A counter you cannot trust is worse than none.
Cost is attested, never measured.
Pricing is data, not kernel.
Fail closed: n/a over a fabricated zero.

The Borrowed Idea: Base-System Observability, Not a Telemetry Pipeline

CW models metrics the way a Unix base system exposes state — a DERIVED projection of records that already exist, never a separate database. It follows the same philosophy as Run Registry Control Plane and State Explosion Management: the per-run .cw/runs/<id>/state.json is the SINGLE source of truth, metrics are a read-only projection of it, and there is no telemetry pipeline, no background collector daemon, and no hidden counters. Before v0.1.31 there was no metrics module and no token or cost field anywhere; run state already carried createdAt/updatedAt/completedAt/dispatchedAt and outcome statuses on tasks, workers, verifier nodes, candidates, memberships, and feedback. This release projects those into a report — and adds an additive, host-attested usage record so cost can be accounted honestly — without changing the ResultEnvelope schema and without taking ownership of source truth.

durable run state -> pure projection -> rates/durations + attested usage -> cost under a policy

Mechanism vs Policy: Pricing Is Data

The runtime is MECHANISM — it records attested usage and derives rates/durations. The pricing table is POLICY — supplied as DATA (CostPolicy), not baked into the kernel. The same attested usage yields different cost reports under different pricing without touching the runtime. A bundled EXAMPLE policy lives at manifest/pricing.policy.json (USD per 1e6 tokens, an editable starting point — not a live price feed); pass --pricing <path> to use your own, or --pricing default for the bundled example. With no policy supplied, cost is unpriced/unreported, never guessed. CW never measures cost.

The same attested usage also drives bounded dynamic control flow: a loop(...) with until:{kind:"budget-target", target} scales its rounds toward a token target read from this attested-only usage, while the fail-closed limits.tokenBudget cap stays the absolute backstop that can never be overshot.

Principles

  1. Derive, never collect. Every number is a projection of existing durable state. deriveMetricsReport(run, { now, policy }) is a PURE function of one run's state, an injected now, and an optional pricing policy. There is no metrics store. The only now-derived field is generatedAt; durations are computed from recorded timestamps, so a report over a fixed snapshot is byte-reproducible (eval/replay agnostic).

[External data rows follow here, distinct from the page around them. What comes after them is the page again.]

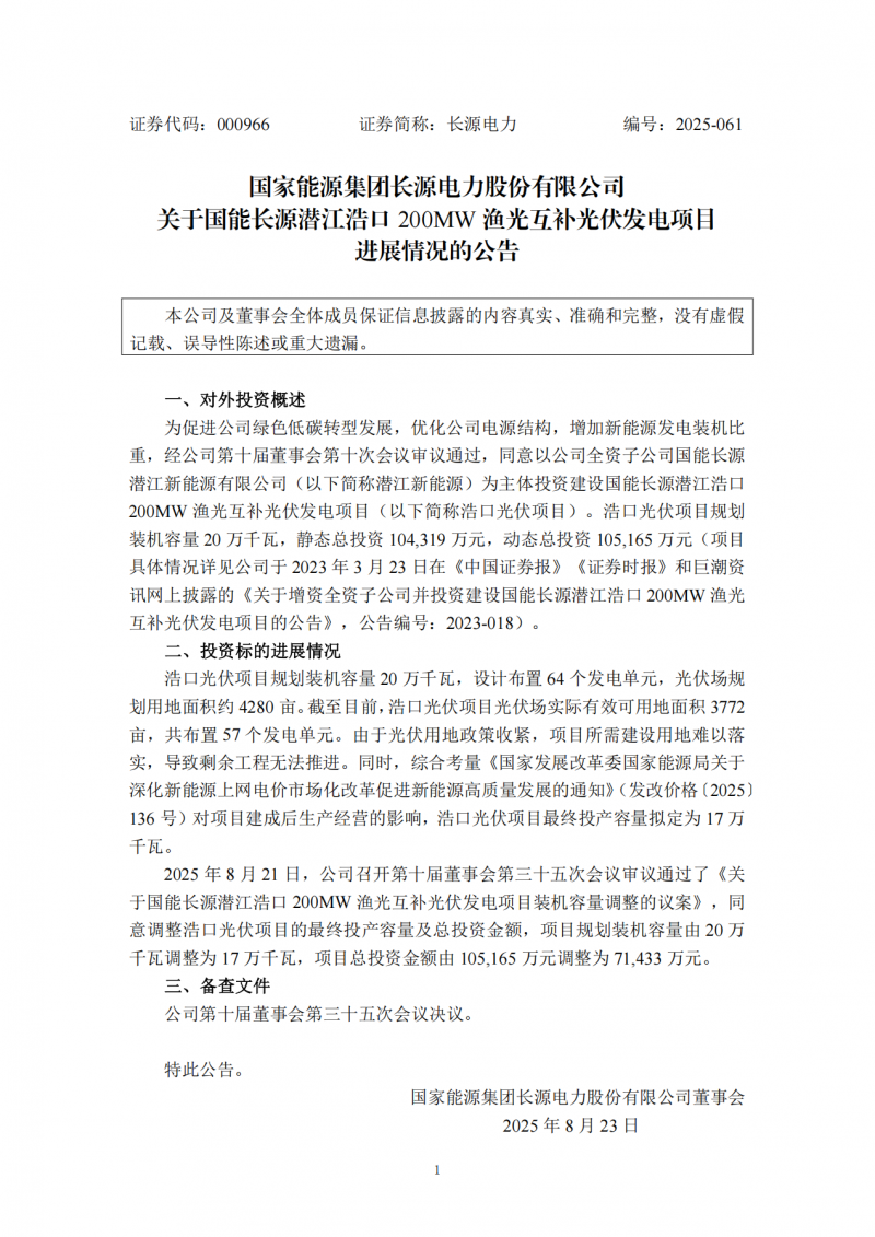 8月26日,國家能源集團長源電力股份有限公司發(fā)布《關于國能長源潛江浩口200MW漁光互補光伏發(fā)電項目進展情況的公告》。
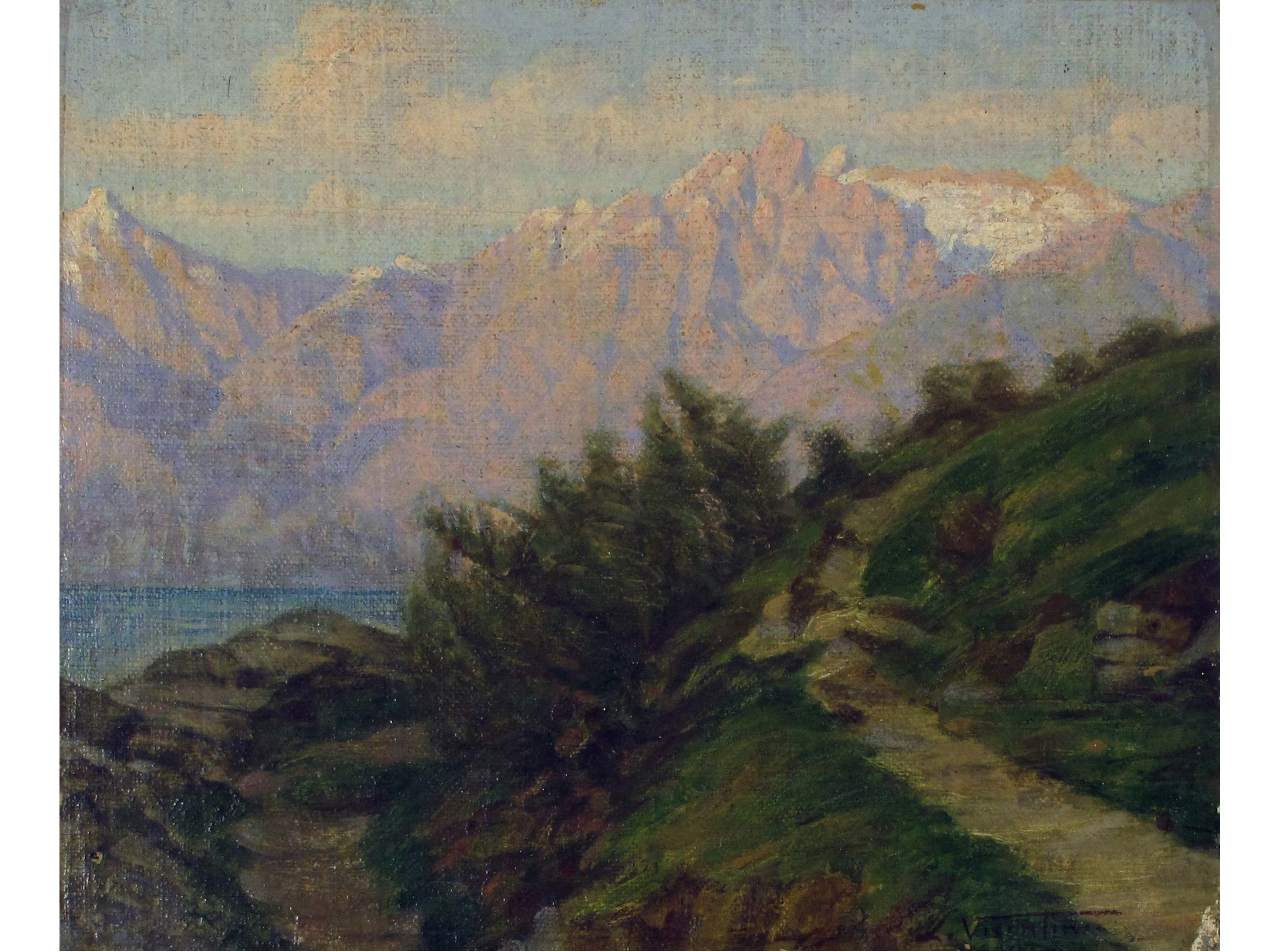 Visentini (XX sec) Paesaggio montano Olio su cartone telato Firmato Senza...
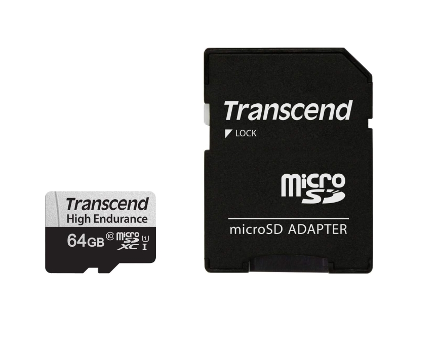 Transcend 64GB micro SD w/ adapter U1, High Endurance - TS64GUSD350V
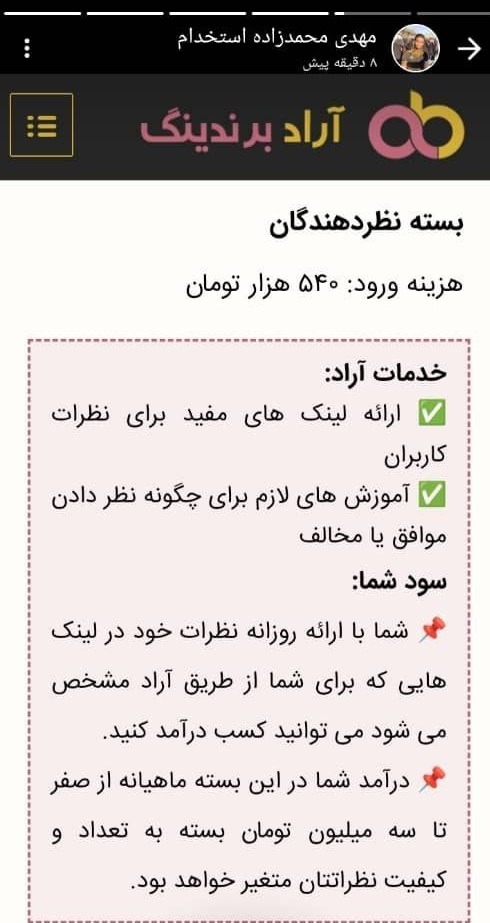مهدی محمد زاده از دیگر همکاران واحد استخدام، بسته کاربردی نظر دهندگان مجموعه را، به مخاطبان خود معرفی نمود.
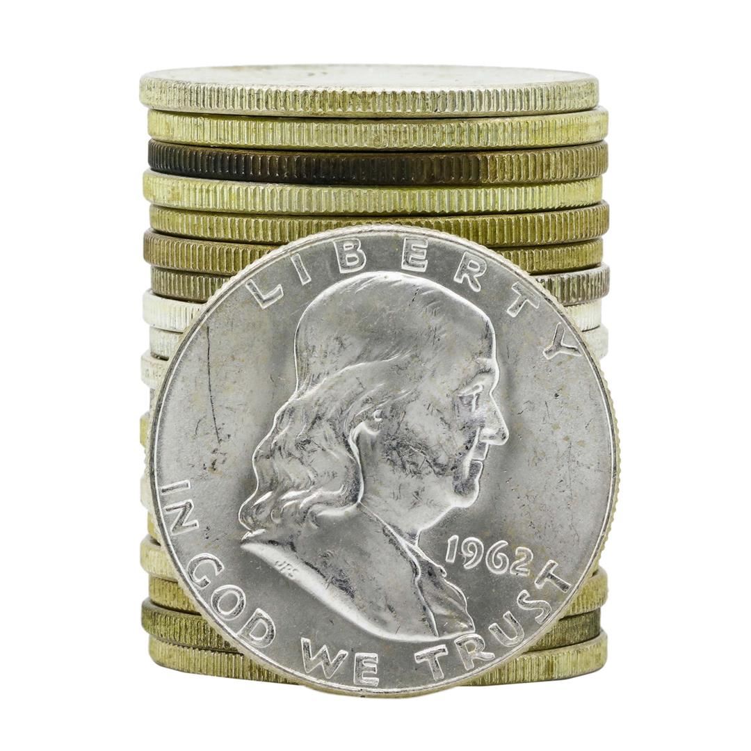 One Roll of (20) 1962-D Brilliant Uncirculated Franklin Half Dollar Coins.
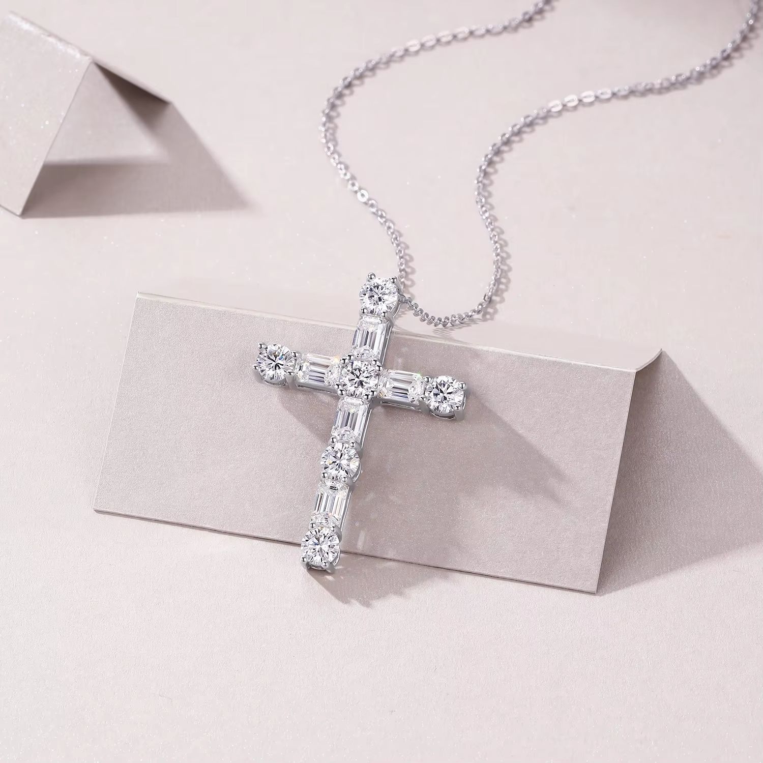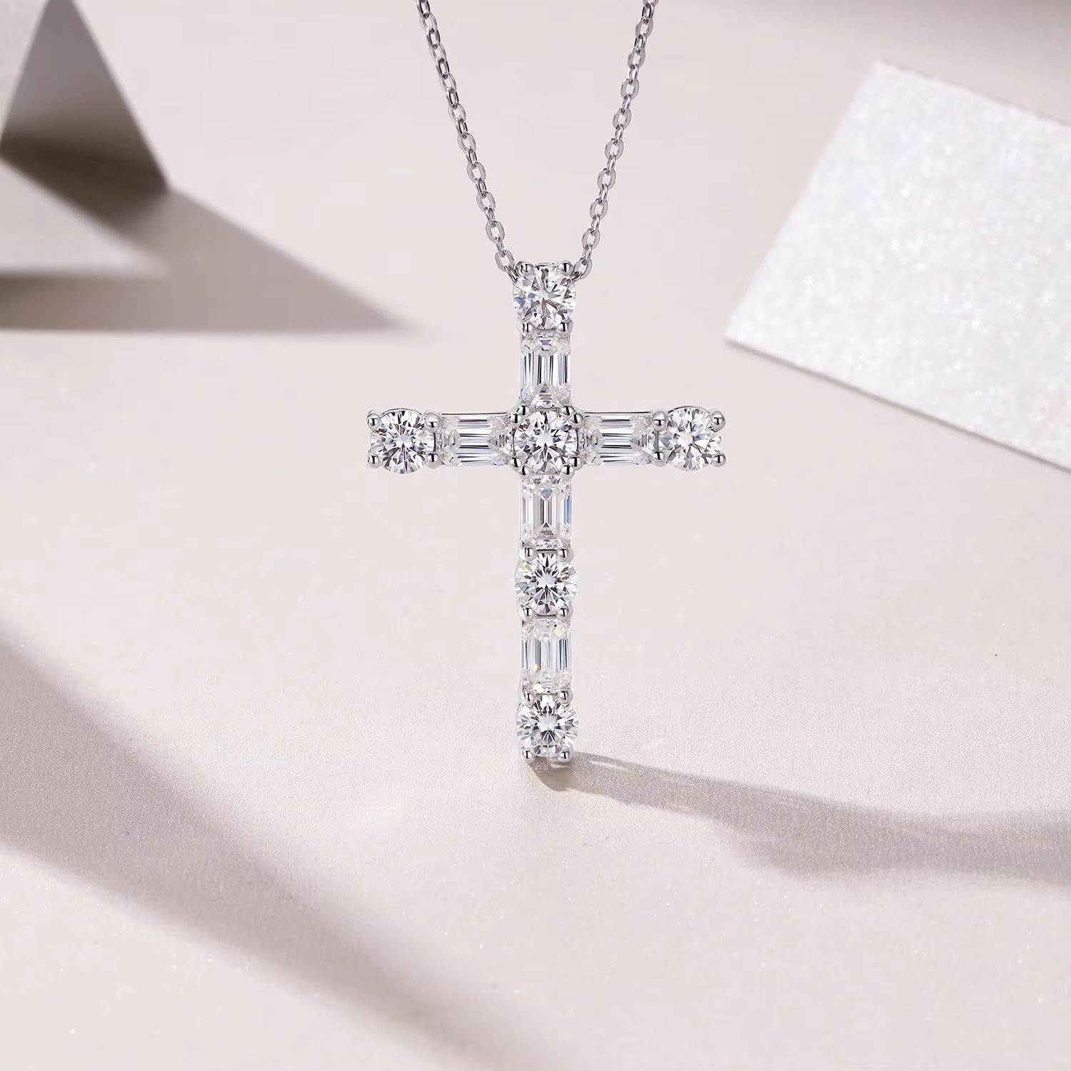 Cross Moissanite Pendant Necklace 925 Sterling Silver 18K Gold Plated Round and Baguette Moissanite with Certificate
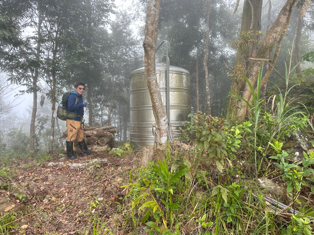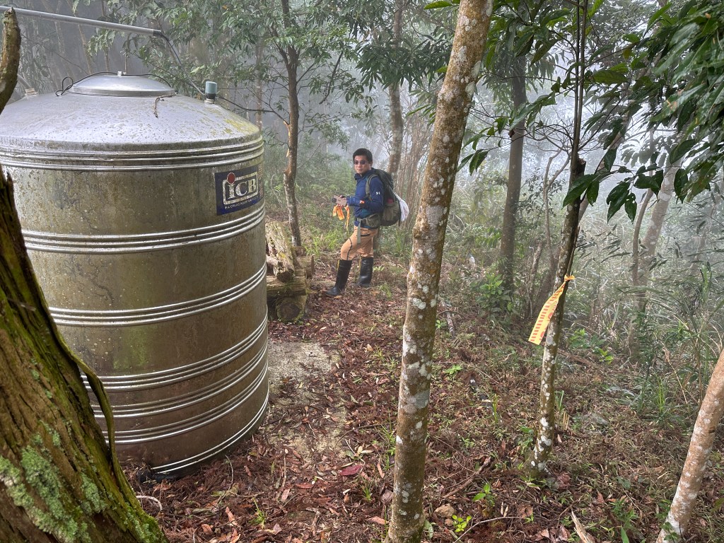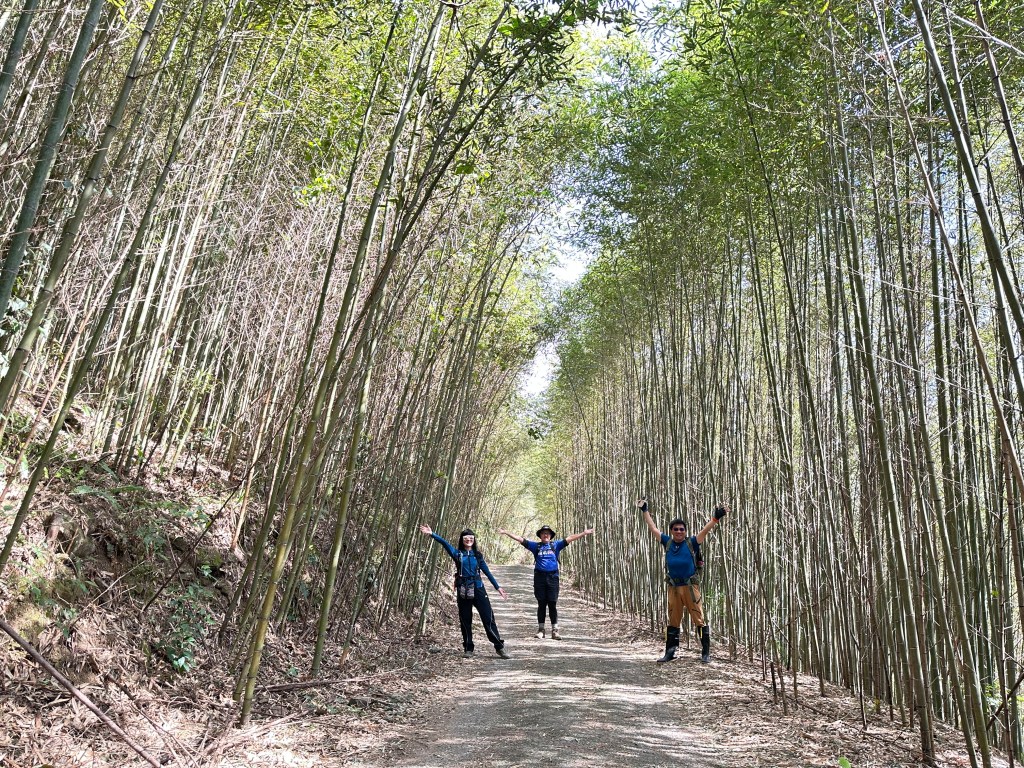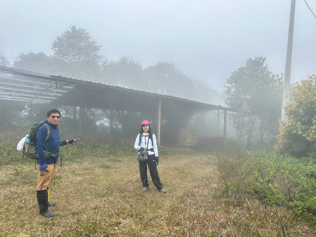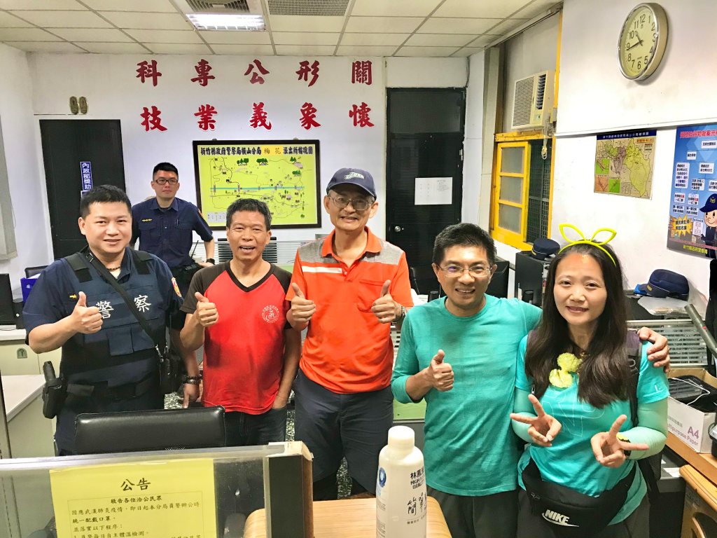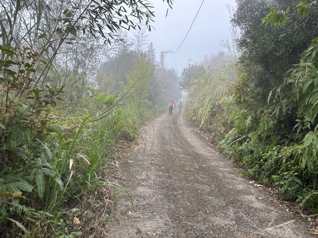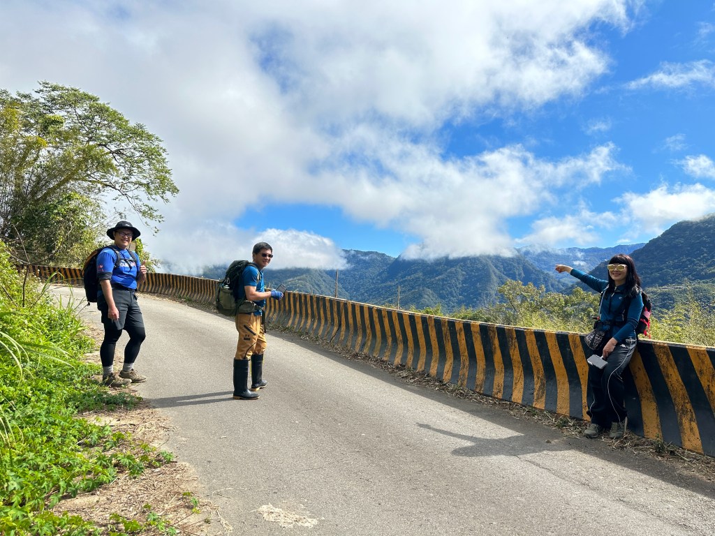 這時,采庭與正在休息中的陳警員陳大哥閒聊,無意中,采庭只是幾句話的問候,沒想到串連了在三年前我們叫了一次救援的緣分,當時在2020.06.21我們走高島縱走+石麻達山+錦屏山回到了小錦屏野溪溫泉旁的錦屏吊橋,伙伴們走不動了,先打電話給外面的接駁車進來,結果接駁車不願意,再打電話給計程車也嫌太偏僻而不想進入,再電請當地原住民看願不願意賺一筆外快結果也沒人願意,實在沒辦法,最後只好打電話給梅花派出所,當時就是陳大哥開警車來載我們四位。
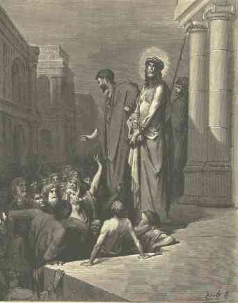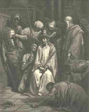 5 | Then came Jesus forth, wearing the crown of thorns, and the purple robe. And Pilate saith unto them, Behold the man! |
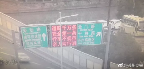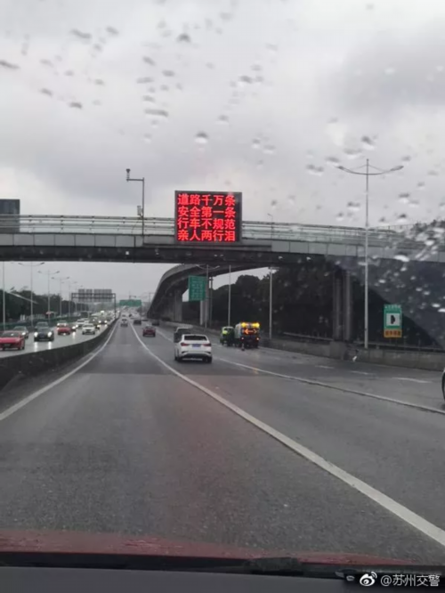原来,图中是苏州高架上的情报板,写着:
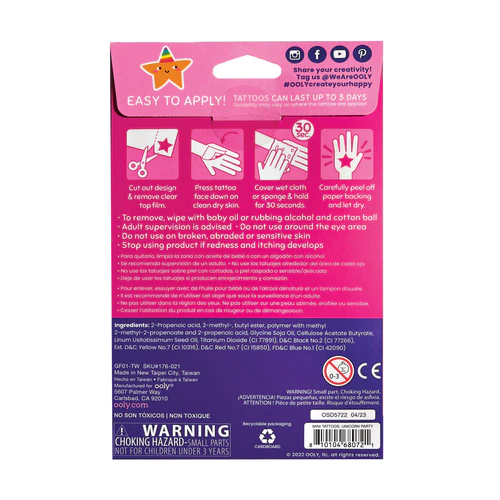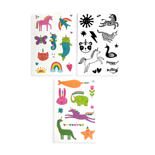 Happy was just made wearable with these unicorn party tattoo sheets. Durable and long lasting, these charming temporary tattoos are perfect for birthday parties, sleep overs, or any gathering of creative kids! What does it take to throw a unicorn party? Just put on some of these temporary tattoos, bring your imagination, and you’ve got a shindig that’s magically amazing! This mini pack includes three tattoo sheets of temporary tattoos that are constructed to be durable and long-lasting. Two sheets are in full color and one is in black and white. Designs include unicorns, butterflies, hearts, rainbows, and more. These are perfect as party favors, as a party activity, or even just as a fun thing to do on a relaxing afternoon with your little one!
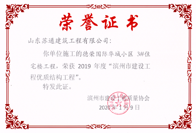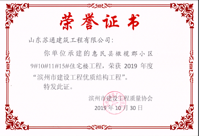 山東蘇通建筑工程有限公司,創(chuàng)建于2009年8月。目前擁有房屋建筑工程施工總承包壹級、市政公用工程施工總承包叁級、水利水電工程施工總承包叁級資質(zhì),同時還具有建筑裝修裝飾工程專業(yè)承包貳級、消防設(shè)施工程專業(yè)承包貳級、鋼結(jié)構(gòu)工程專業(yè)承包叁級、建筑機電安裝工程專業(yè)承包叁級等專業(yè)承包資質(zhì)。 公司總部坐落于山東省濱州市濱城區(qū)黃河十二路877號,現(xiàn)有辦公面積約2000平方米,機構(gòu)設(shè)黨支部工會辦公室、總經(jīng)理辦公室、綜合辦公室、工程管理部、經(jīng)營預(yù)算部、資產(chǎn)財務(wù)部、材料設(shè)備部、運行管理部、法律事務(wù)部等多個職能部門。公司管理體系已經(jīng)通過了GB/T 19001及GB/T 50430質(zhì)量管理體系、GB/T 24001環(huán)境管理體系(EMS)、GB/T 28001職業(yè)健康安全管理體系(OHSMS)等體系的認(rèn)證。 公司承建完工了濱州市建大教師之家、建大清怡苑、香格里拉水岸綠城住宅小區(qū)、雙泰建大城、曲阜崇德公館住宅小區(qū)、北海新區(qū)御景藍灣住宅小區(qū)、沾化德榮國際華城住宅小區(qū)、惠民橄欖郡住宅小區(qū)等工程項目,目前在建工程項目有:濱州市頤高國際電子商務(wù)產(chǎn)業(yè)園住宅小區(qū)項目、濱州市東盛國際項目、高新區(qū)建大中央華府住宅小區(qū)項目、濱州市融匯新里程住宅小區(qū)項目、濱州市建大秦皇壹號住宅小區(qū)項目、濱州市森林花...

  2. Durations come from recorded timestamps. dispatchedAtcompletedAt for tasks, createdAt→worker output recordedAt for workers, createdAtupdatedAt for the run. Nothing is sampled live.

  3. Three rates, each with its own arithmetic. The failure rate pools failed/rejected workers, failed memberships, failed un-worker-backed tasks, and unresolved (open/tasked) feedback over the total of those samples. The verifier pass rate counts verifier state nodes whose status is a pass (verified/completed/committed) against decided gates (pass + failed/rejected/blocked); pending/running gates are undecided and excluded. The candidate acceptance rate counts selected/verified candidates over all candidate records.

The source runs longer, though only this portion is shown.